Victorians are also encouraged to take a photo of themselves while they commemorate Anzac Day and share it on RSL’s Facebook page using the hashtag #STANDTO. In the Australian Defence Force, “stand to” refers to a state of readiness for attack assumed by ground troops at dawn and dusk during wartime.  

Reflect on history 

For those less inclined to rise before dawn, the ABC will stream a ‘reflection’ video at 11.30am on Saturday across TV, iView, radio and online, or you can download the network’s app. This reflection includes The Ode and Last Post, followed by a one-minute silence to mark when the first Australian troops landed on the Gallipoli Peninsula on 25 April, 1915. 


Buy a badge  

It won’t arrive until after Anzac Day but you can buy a badge, lapel pin and more from the Australian War Memorial online shop. Badges include Spitfires, Iroquois helicopters and light horsemen while poppies come in many forms from jewellery to car decorations. There are soldier figurines, Lone Pine seedlings and you can shop based on the war or conflict. You can also buy Anzac Appeal merchandise from Woolworths in store or online until 28 April. Choose from a $3 wristband, $5 lapel pin or $10 lapel pin with all proceeds going to support the RSL. 

Make a donation 

While there are no volunteers on the streets selling badges and poppies, the RSL’s biggest fundraiser, the Anzac Appeal, is still in full swing online. State president Robert Webster says COVID-19 has only increased the need to support veterans and their families. “Many of our veterans will be doing it especially tough,” he says. “Some will be struggling with social isolation, physical and mental health problems. The longer this pandemic goes on, the more acute the needs of our veterans become.” 

Post a tribute 

Justin Wilbur, a Ballarat man whose father was a Vietnam veteran and is credited with starting the driveway dawn service movement, has created the Facebook group Aussies & Kiwis for Anzacs. Mid-week it had more than 225,000 members from around the globe, including veterans posting about their experiences, and parents are using it to teach their children about the Anzac spirit. 

Listen up 

The Aussies & Kiwis for Anzacs Facebook group is hosting a livestreamed YouTube event called 105 Songs for 105 Years in collaboration with the OZY Youth Choir Honouring Defence Service. 

The concert starts at 1pm on Anzac Day with a commemorative service run by young people followed by 105 songs for each of the 105 years since Anzac forces landed on the beach at Gallipoli. The line-up includes Shannon Noll’s new Anzac Day release as well as Amber Lawrence, The Wolfe Brothers, Luke O’Shea, Simply Bushed and Damien Leith. 
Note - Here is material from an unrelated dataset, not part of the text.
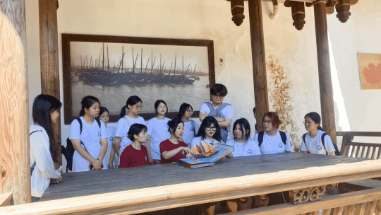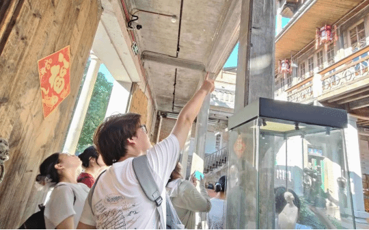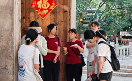 次日,实践队继续前行,走进闽商文化的殿堂。在古田会馆,数字科技让家风家训、诚信之光跃然眼前,队员们在会馆互动中感受深厚的历史底蕴。而下一站的永德会馆则展示了中西合璧的文化魅力,永春的纸织画与白鹤拳、德化的白瓷与纸狮等非遗项目交相辉映,为同学们带来了一场视觉与心灵的双重盛宴。

You can access it through the group’s apps, which are available from the App Store and Google Play.

An Anzac message 

Australia’s Governor-General, David Hurley, will broadcast his Anzac Day message on ABC TV and Radio at 6.55pm. 

Keep connected 

Zoom, Facetime, Skype, WhatsApp and more – technology is helping people connect when they can’t get together in person this Anzac Day. Vietnam veteran and RSL Cranbourne/Dandenong branch president John Welling says people can connect with something as simple as a telephone. “It’s letting your mates know you’re still there for them,” he says. He’s “meeting” up with a few digger mates using WhatsApp.
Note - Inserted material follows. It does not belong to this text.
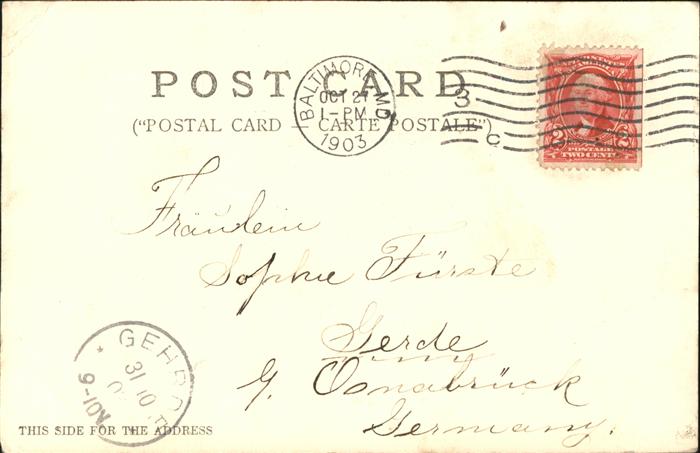11094239 old postcard Baltimore Maryland Strassenbahn postalisch gelaufen KatCode: 14140220000000

Tune in to a tribute concert

Some of the biggest stars in the Australian and New Zealand music industry, including Jimmy Barnes, Delta Goodrem, Paul Kelly and The Wiggles, will perform in a televised ANZAC Day tribute show. The artists will record their segments at home and the footage will be edited together to produce Music From The Home Front and screened on ANZAC Day at 7.30pm on Channel Nine. It’s the brainchild of music industry guru Michael Gudinski with help from legendary Aussie rocker Jimmy Barnes and is a tribute not only to the military but to frontline COVID-19 health care workers and other essential workers, including supermarket shelf stackers.